By Jon Meacham (Random House)

“Hagiography” refers to writing about the lives of saints, and the term sometimes is applied derisively to biographies that paint too perfect a picture of their subjects. A rare biographer dares to call his subject a saint—not just once but repeatedly in the book’s first 15 pages—while also dealing honestly with his humanity and imperfection. Jon Meacham is that writer, and John Lewis is his subject.

Civil rights pioneer Lewis marched in Selma and was beaten savagely on the Edmund Pettus Bridge, sustaining a fractured skull and a concussion. He went on to serve in the U.S. House of Representatives from 1987 until his death this summer.

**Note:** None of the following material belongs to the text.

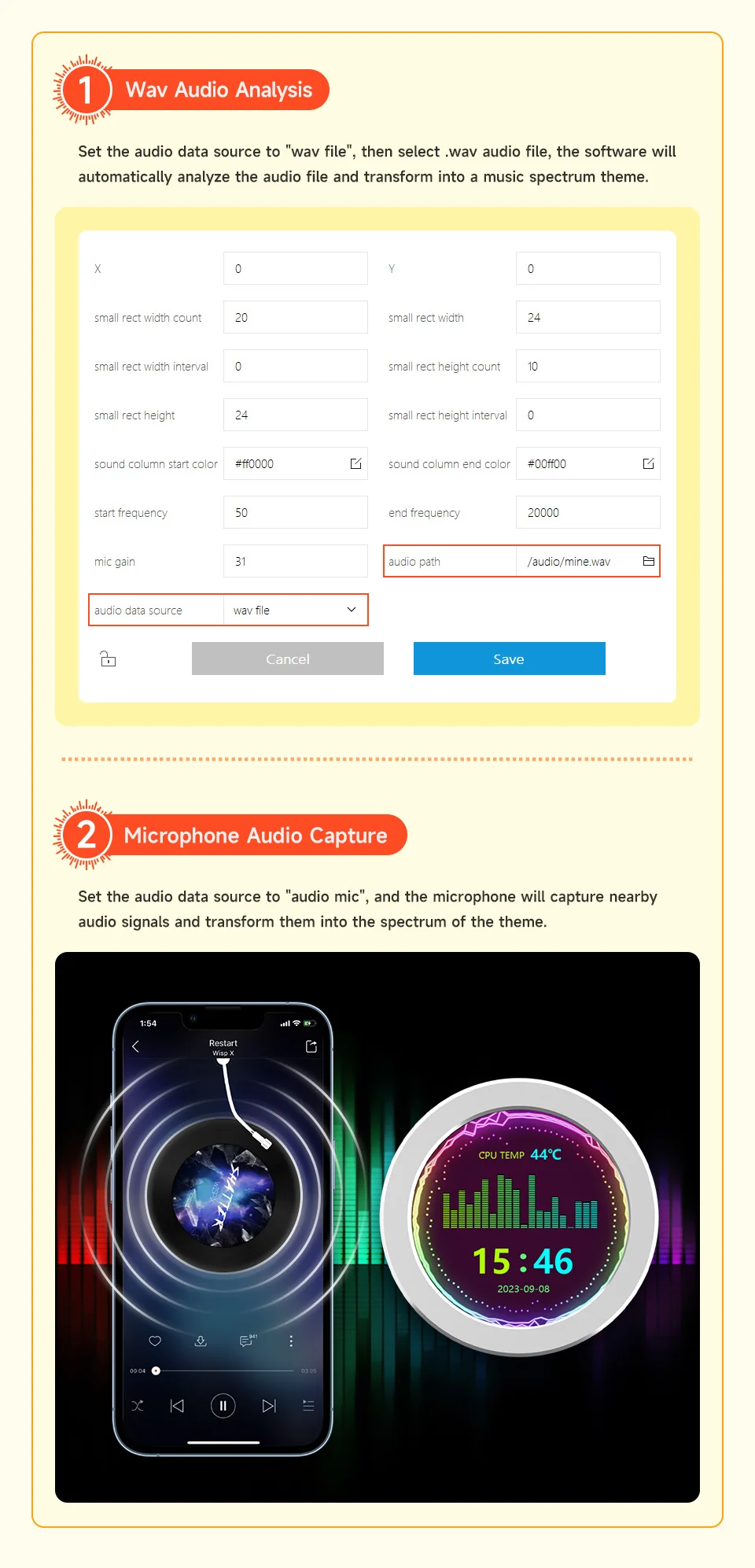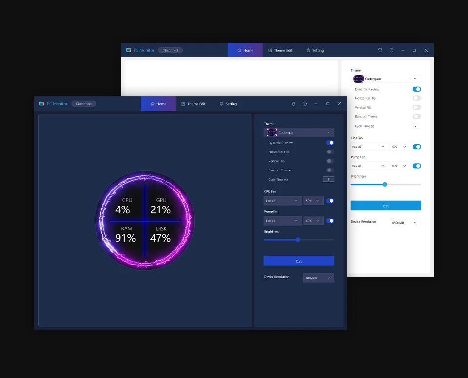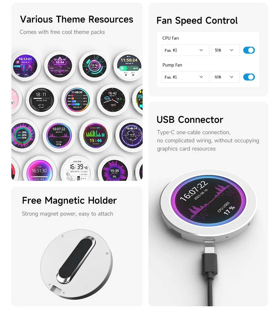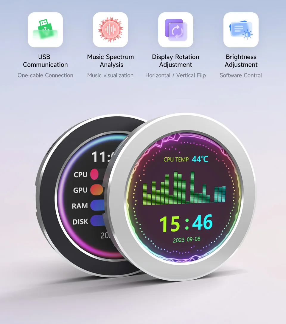 Úselo con el software que le proporcionamos y haga clic en "executar" después de que la pantalla se conecte al host.Admite inicio automático en el arranque, un clic para cambiar temas, ajuste de brillo, etc.

Make no mistake: Meacham views Lewis as an American hero. In describing Lewis and his colleagues in the civil rights movement, Meacham observed: “The heroes of this story laid down no fire, but rather walked into fire. The heroes of this story drew no blood, but rather shed their own.” (p. 13) Rather than a full-blown biography, Meacham focuses nearly all his attention on the period from 1957, when Lewis began his peaceful protests as a student in Nashville, through the end of 1968, the year Martin Luther King Jr. and Robert Kennedy were assassinated.



Meacham knows politics and social movements, but he grasps a truth some political scientists and sociologists fail to recognize fully. The nonviolent resistance at the heart of the civil rights movement was spiritual in nature. True, Gandhi provided the tactics. However, Jesus offered the inspiration, and the Holy Spirit supplied the empowerment.

At heart, Lewis was a Baptist preacher who took literally and seriously the red-letter words in his New Testament about “love thy neighbor” and “turn the other check.” The title of the book’s epilogue, “Against the Rulers of the Darkness,” makes it clear the battle Lewis fought was spiritual warfare, and the Beloved Community envisioned by King really is the kingdom of God.

His Truth is Marching On is a timely book offering timeless inspiration for the living of these days.